- _WHAT YOU ARE ASKED TO DO_
For this exercise, transcribe all the entries exactly as given and omit the images.
☆ ☆ ☆ ☆
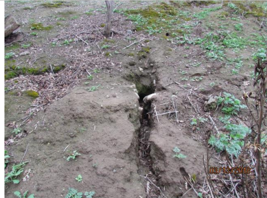
Looking at rodent hole and erosion around rodent hole on waterward slope.
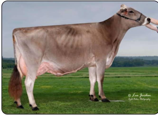
Cliff-Brook Zeus Maxine "EX-90 EX-MS" Dam of Lot 19
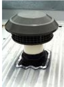
Tube or duct penetrations without access from above
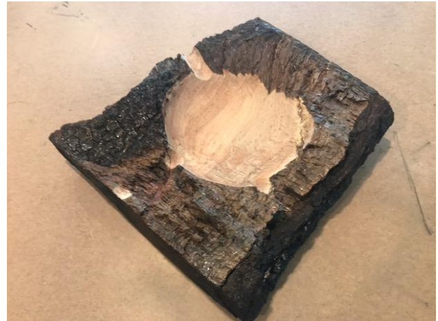
Dan Lutrell: Top view of ash tray.
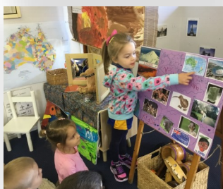
Amity proudly shared her family's connections to New Zealand
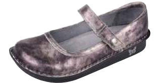
IRON LADY BEL-563
☆ ☆ ☆ ☆
- _RESULT OF THE TASK_
Looking at rodent hole and erosion around rodent hole on waterward slope.
Cliff-Brook Zeus Maxine "EX-90 EX-MS" Dam of Lot 19
Tube or duct penetrations without access from above
Dan Lutrell: Top view of ash tray.
Amity proudly shared her family's connections to New Zealand
IRON LADY BEL-563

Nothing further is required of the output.